Adeline knew he would return. But not in time. At least, not in time to stop her from sending her younger self to the past. She knew because it had already happened.
Hiro was a tougher challenge. She needed him. But she would cross that bridge when she arrived at it.
Adeline moved to the hall off the foyer and stood by the door to the half bath. She drew the injector pen from her pocket and waited until the door opened. The younger woman turned when she realized someone was standing there, but it was too late. Adeline held the injector to her neck, pressed the button, and reached out as her body went limp.
*
From the security cameras, Adeline knew Hiro was still in the lab with the door locked, as Elliott had instructed. What the two men didn’t know was that Adeline had updated the software on those door locks. It had an override code only she knew.

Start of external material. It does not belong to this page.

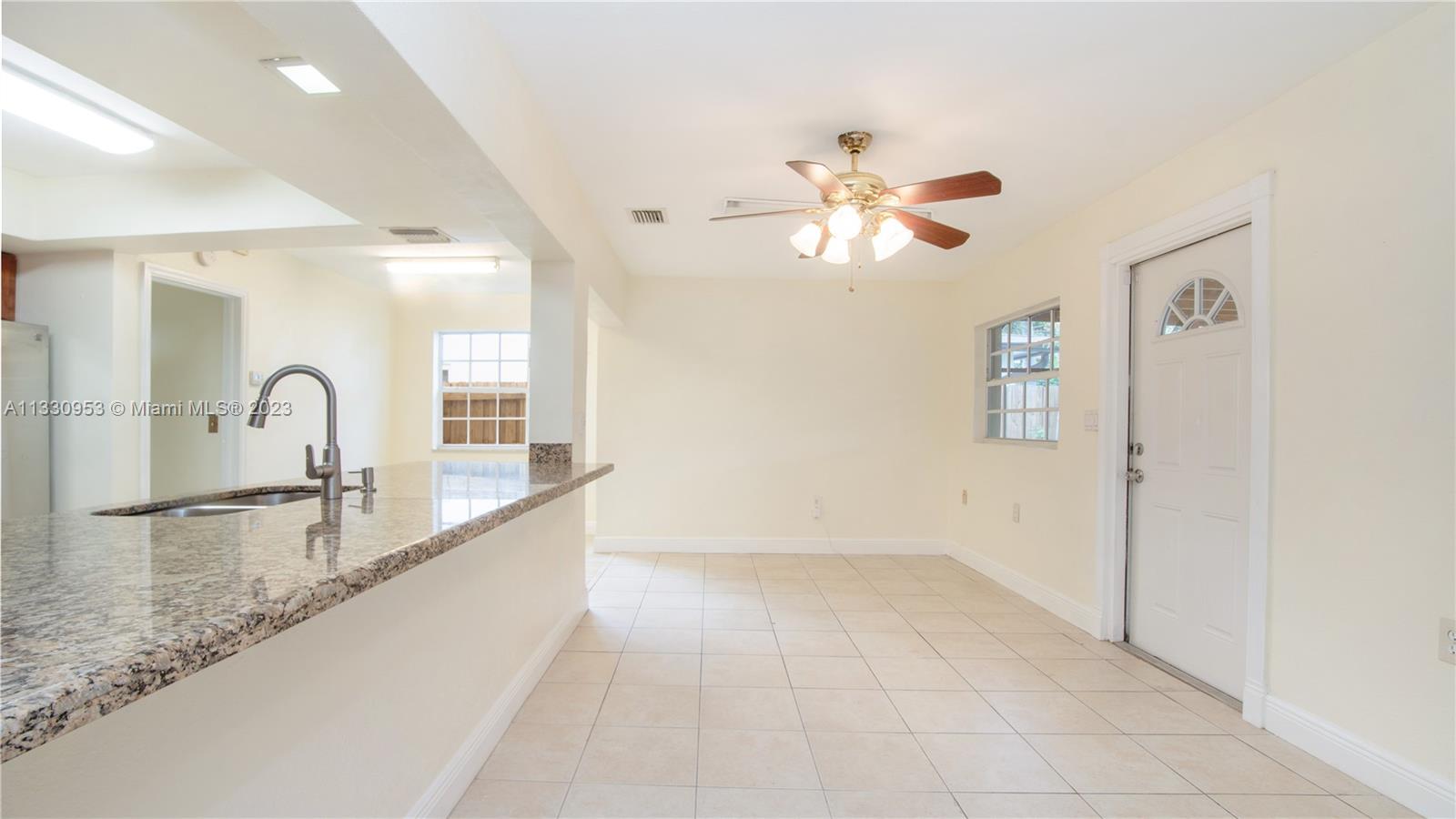 Spacious beautiful 3 beds plus a den which can be used as fourth bedroom and 2 baths. Quiet and most desirable area in Miramar. Fully upgraded eat in kitchen, stainless steel appliances, fully tiled, separate large laundry room, circular driveway, separate family and living rooms. Covered, large screened and covered patio, fenced backyard with fruit trees and a big size storage room, digital water heater A/C one year old, washer / dryer 2 years old, Roof is 1.5 year old.

At the Absolom Sciences building, the private security contractors unloaded the box at the loading dock.
The security guard merely said hello to Adeline. He was used to the scientists bringing items into the labs at all hours. Asking questions of the person who owned the company—and ran the experiments that kept it going—would only get him fired. As such, he didn’t ask any questions.
Adeline had the security team bring the box down to the lab level and set it outside the door to the Absolom Two lab. She didn’t want them to see what was inside—or what was going to happen beyond the door. She instructed them to wait outside the building and alert her when Elliott returned.

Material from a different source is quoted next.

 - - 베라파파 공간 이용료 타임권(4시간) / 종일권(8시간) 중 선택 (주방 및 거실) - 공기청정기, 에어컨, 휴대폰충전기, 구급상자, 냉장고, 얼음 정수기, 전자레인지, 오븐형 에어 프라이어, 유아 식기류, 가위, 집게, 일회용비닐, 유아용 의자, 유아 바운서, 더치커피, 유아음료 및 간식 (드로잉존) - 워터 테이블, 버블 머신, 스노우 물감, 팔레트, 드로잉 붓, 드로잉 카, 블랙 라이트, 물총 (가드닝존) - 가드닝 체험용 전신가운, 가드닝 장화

With her phone, she unlocked the door.
Hiro was standing at a rolling cart beside the Absolom Two prototype, studying a computer screen. He spun when the door lock clicked open and reached down to his pocket, Adeline assumed for his mobile phone, to call Elliott.
“Don’t do it, Hiro.”
“How’d you get in here?”
“I had the software updated.” Adeline threw a letter-size envelope at his feet. “Look at those pictures, Hiro.”
He reached down, opened it, and began rifling through the historical photos Tesseract had found. The photos that showed Adeline in the past. And the others.
“What is this? A trick? Photo manipulation?”
“It’s real, Hiro. It’s the past. And our future. It’s the answer we’ve been looking for.” Adeline turned and pointed at the box outside the door. “And here is the other one.”
Hiro shook his head. “This is a ruse. You’re going to kill Nora.”
“Look at what’s in the box, Hiro. Please.”
“No.”
“I know you’re going to walk over here and look inside this box because you’re the only one who can operate Absolom Two. Besides Elliott. And he’s too suspicious of me. This has to happen. Because you have to send me back.”
Hiro swallowed hard and shook his head. “No.”
Adeline walked over and opened the top of the box. Two body bags were lying inside. One was breathable. The other wasn’t. She unzipped them enough to expose the faces, then stepped away, giving Hiro plenty of room.
Hiro had said no, but he walked closer and looked down at Adeline’s younger counterpart, breathing in and out, still knocked out from the drug Adeline had injected her with, but alive and well.
“Nineteen years ago, I woke up in that Absolom machine. It transported me back to March of 2008. My birth name is Adeline Anderson.”
Hiro’s voice was a whisper. “You’re lying.”
“I had cosmetic surgery a few years after I arrived in the past.” She studied him, mentally searching for the key that would unlock his trust.
“In that home in Las Vegas, in the basement, you saw me when you exited the tunnel.”
Hiro studied Adeline’s face as she continued recounting the memory. “You grabbed me and pulled me inside and locked the door and turned and walked down the tunnel, to the room with all the doors and the muscular bouncer sitting on a stool. He was reading a hardback book that was wrapped in thin plastic like you might find on a library book.”
Hiro’s eyes went wide.
“Look at the other body, Hiro.”
He stared down. “What is this?”
“The other answer. All this time, we made an assumption. A very big assumption. And we never even thought to question it. That assumption was wrong. We can fix all of this, Hiro. But I can’t do it without you. And we need to hurry. You know I can’t operate the machine. And soon, I’ll need to go through it myself.”
Still staring at the bodies, he swallowed. His chest rose and fell in labored breaths.